3. Type mismatch in ManageUnrecognized for recognized parameters

When SimpleConceptsParser recognizes a token sequence, ManageUnrecognized creates:

state_context.parameters.append(
    ConceptToken(res.items[0], buffer_start_pos, parser_input.pos - 1)
)

res.items[0] is a list[MetadataToken] (one complete path from SimpleConceptsParser), but ConceptToken.concept is typed as Concept. Any downstream code that uses this ConceptToken will receive a list where it expects a Concept instance.

Proposed fix: define a dedicated container for a recognized parameter (e.g. ParsedParameterToken) that wraps a list[MetadataToken] with start/end positions, or flatten the result to a single MetadataToken when res.items[0] contains exactly one token.


4. Variable-to-parameter mapping not applied

FinalizeConceptParsing creates a MetadataToken without populating the concept's variables. parameters = [UT("1 "), UT("2")] maps positionally to variables = [("a", NotInit), ("b", NotInit)], but this mapping is never applied. The produced MetadataToken is therefore incomplete: a downstream evaluator has no way to retrieve parameter values from the token alone.
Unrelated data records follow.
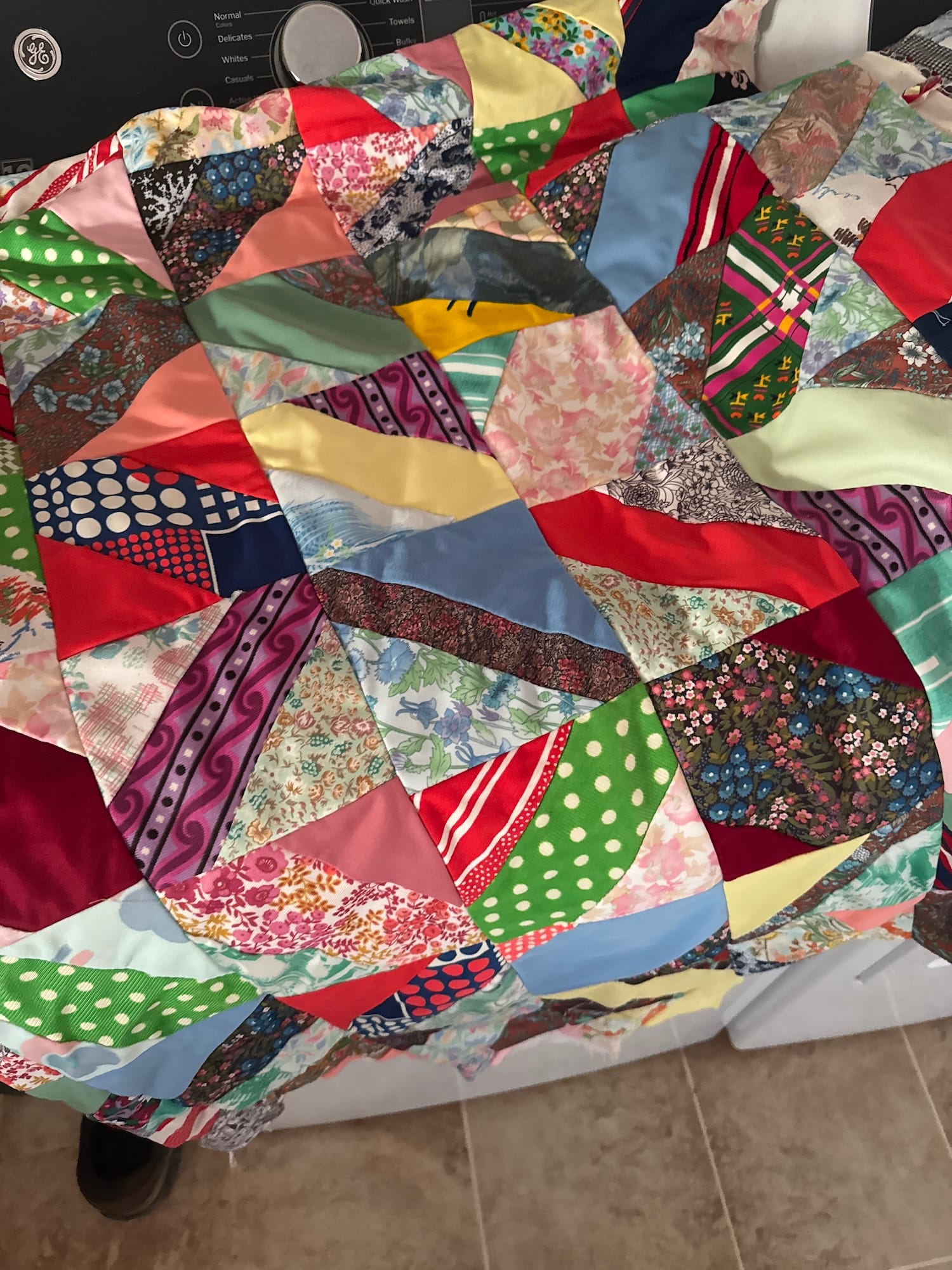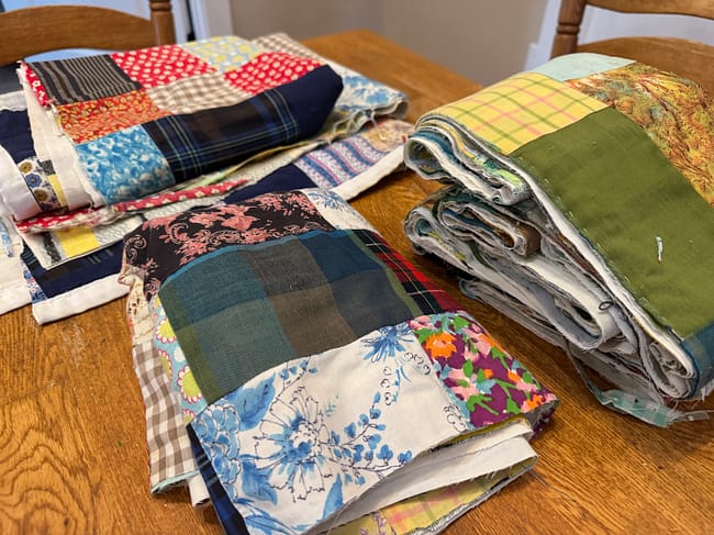 Everywhere else I looked, quilts and toppers were being listed for crazy amounts of money, so I felt like I had found a deal. I came home and kept looking at them, envisioning all the cool things I could make out of them—but I just couldn’t do it.
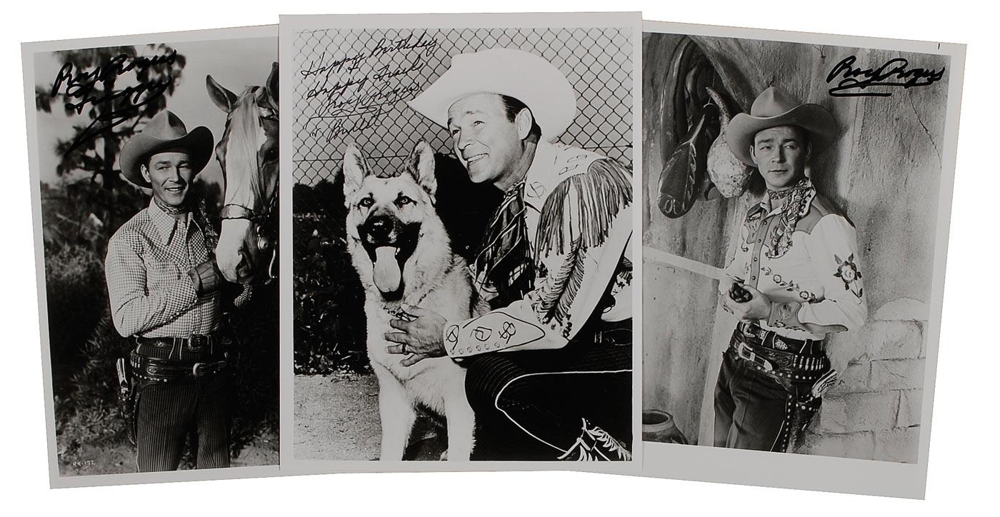 Three glossy 8 x 10 signed promotional photos of Rogers, Bullet, and Trigger, signed in black ink, “Happy Birthday, Happy Trails, Roy Rogers & Bullet;” in black felt tip, “Roy Rogers,” and “Roy Rogers, Trigger.” In overall fine condition, with some dark contrast to the signature of the photo with Trigger.
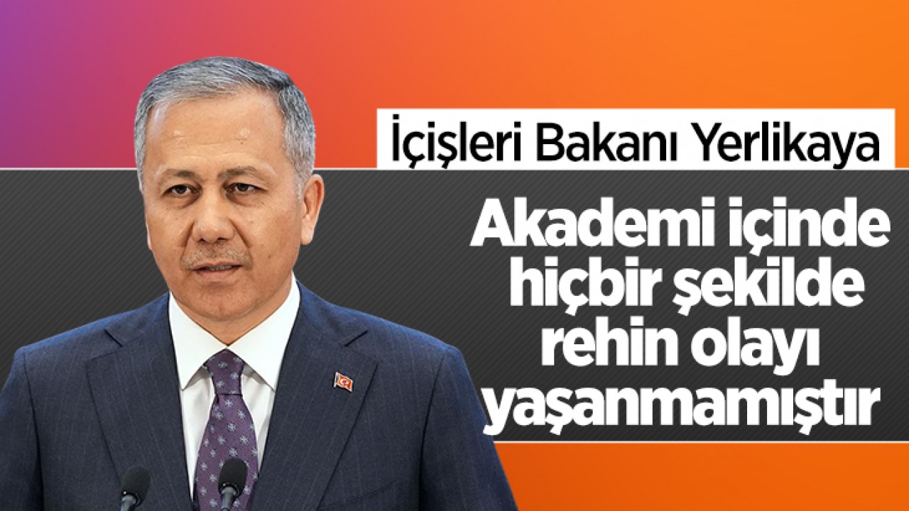 İçişleri Bakanı Ali Yerlikaya, "Hiçbir şekilde akademinin içindeki rehin olayı yaşanmamıştır" dedi.
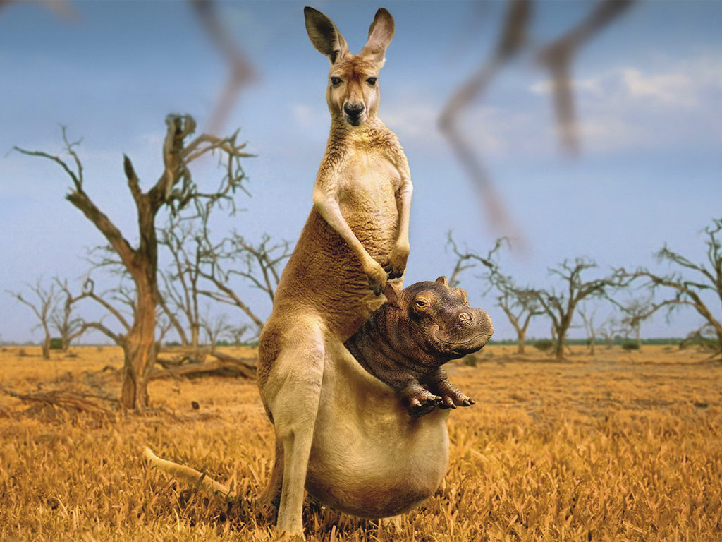 Похожие обои на Кенгуру и бегемот:
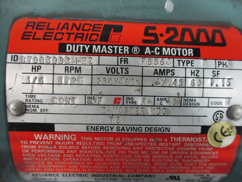 Reliance Duty Master AC Motor w/ Brake B79B3993M-ZZ 1/4HP 1800RPM FR:FB56C Used_x000D_ Condition: UsedCurrent Type: ACMPN: B79B3993M-ZZRated Load (HP): 1/4Special Motor Construction: Brake MotorBrand: Reliance Electric Reliance Duty Master AC Motor w/ Brake B79B3993M-ZZ 1/4HP 1800RPM FR:FB56C Used Reliance Duty Master AC Motor w/ BrakePart #: B79B3993M-ZZ 1/4HP 1725RPM Frame: FB56C 230/460V.9/.45A*Missing Terminal Box Cover*UsedLOC AB11-745 / AB38A3 Reliance Duty Master AC Motor w/ Brake Part #: B79B3993M-ZZ 1/4HP 1725RPM Frame: FB56C 230/460V .9/.45A *Missing Terminal Box Cover* Uséd LOC AB11-745 / AB38A3
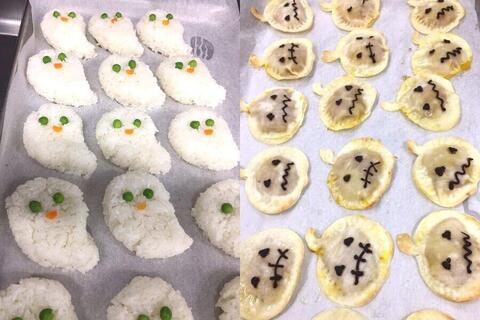 献立はハロウィン特製ハヤシライスとスパゲティーサラダ、フルーツです。
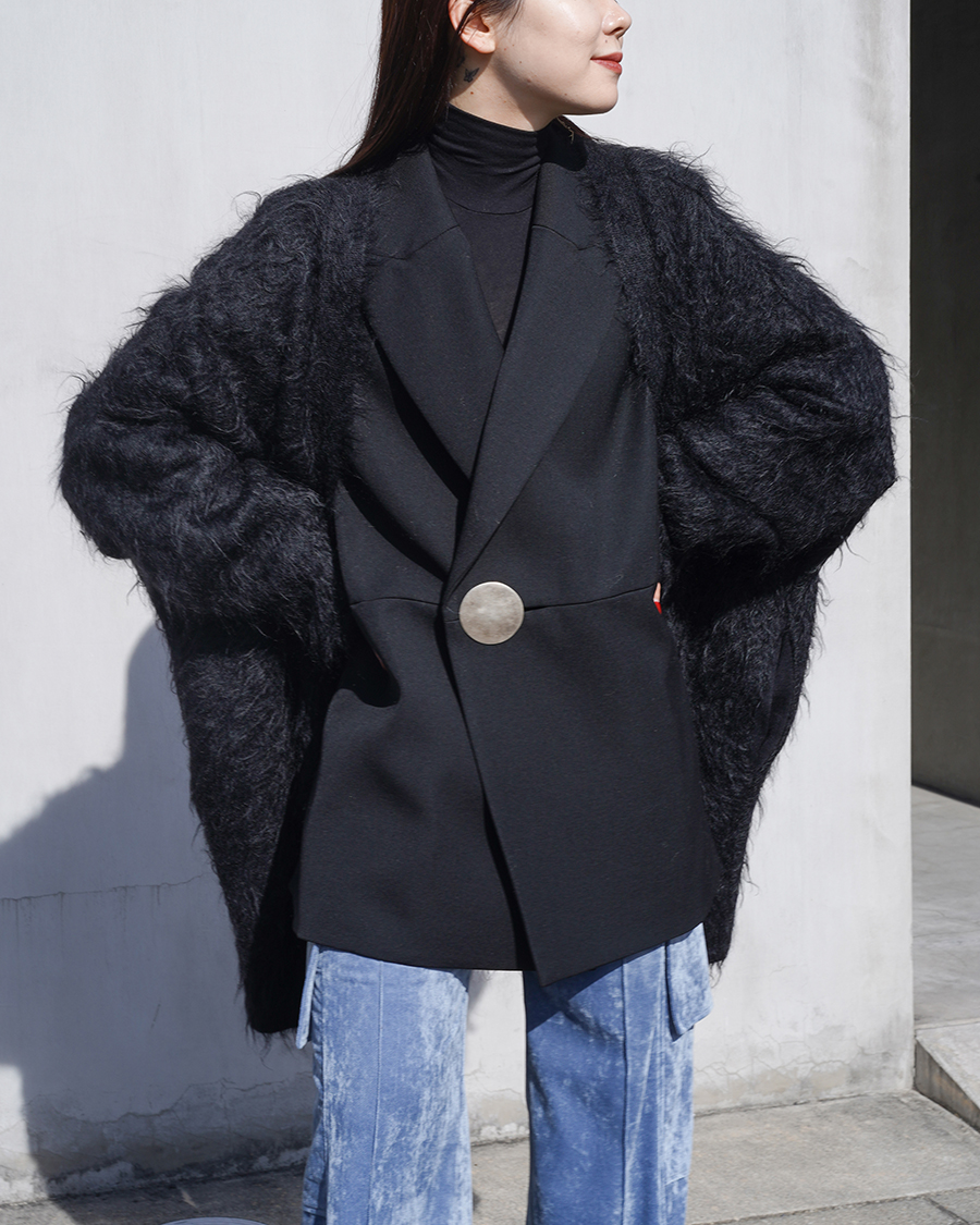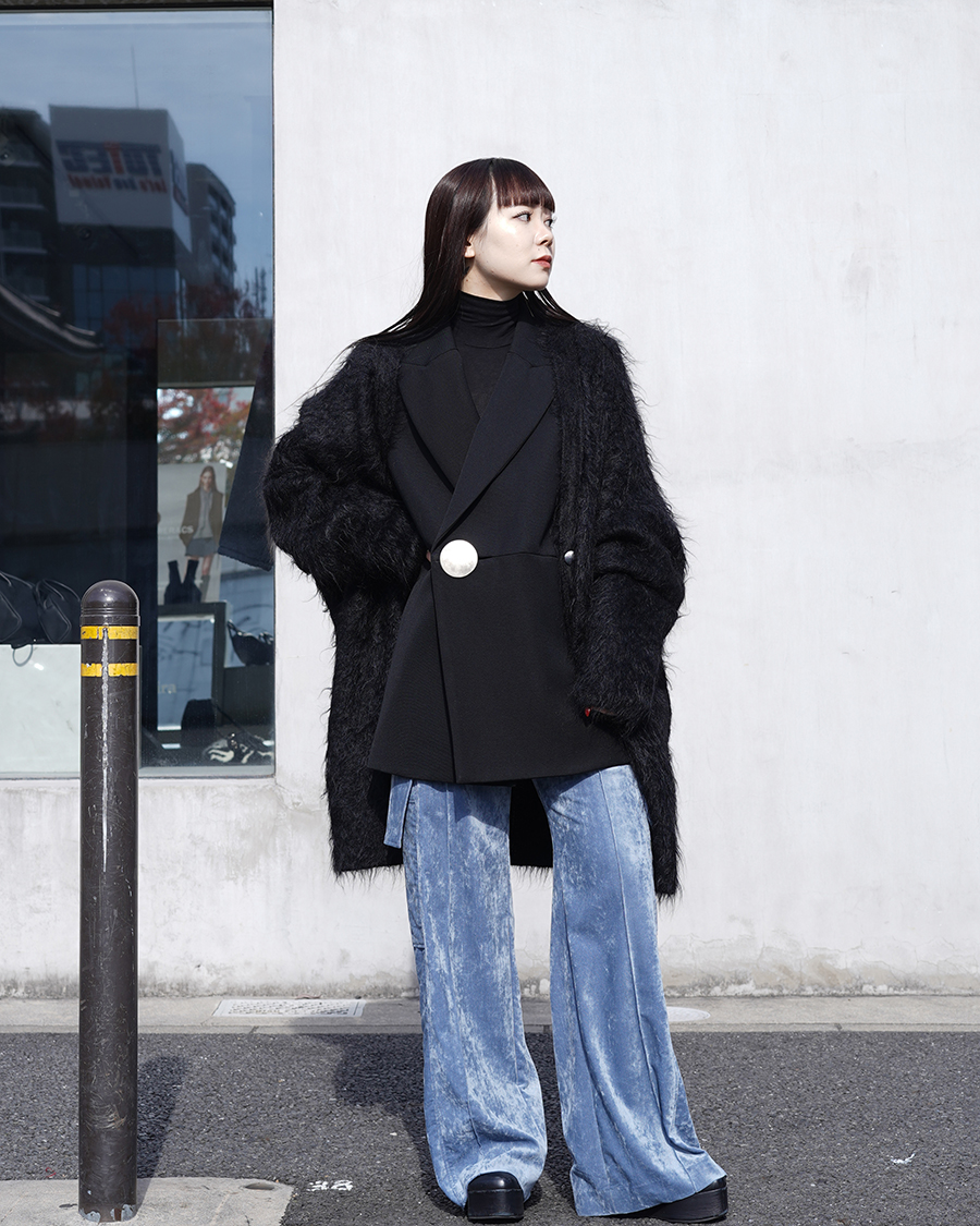 モヘアにベロアを組み合わせた冬らしいスタイリング。

Proposed fix: in FinalizeConceptParsing, zip parameters with concept.metadata.variables and store the result in the MetadataToken's metadata, or pass it as a dedicated field.


5. SyaConceptsParser absent from other_parsers

other_parsers = [SimpleConceptsParser()]. A parameter can be a simple (parameter- less) concept, but never a composite concept with parameters. True composition — where a parameter is itself a SYA-parsed concept — is structurally impossible with the current design.

Proposed fix: add SyaConceptsParser to other_parsers. A guard is required to prevent infinite recursion: the nested instance should exclude the concept currently being recognized from its search space.


Priority order

# Issue Blocking
1 Multi-token parameters Practical usability
2 ConceptToken type mismatch Correctness
3 Variable-to-parameter mapping Evaluation pipeline
4 Arity not tracked on the stack must_pop / precedence
5 SyaConceptsParser absent from other_parsers Real composition

Issues 3 and 4 are interdependent with must_pop: implementing them independently (before activating precedence) is still valuable and lays the correct foundation.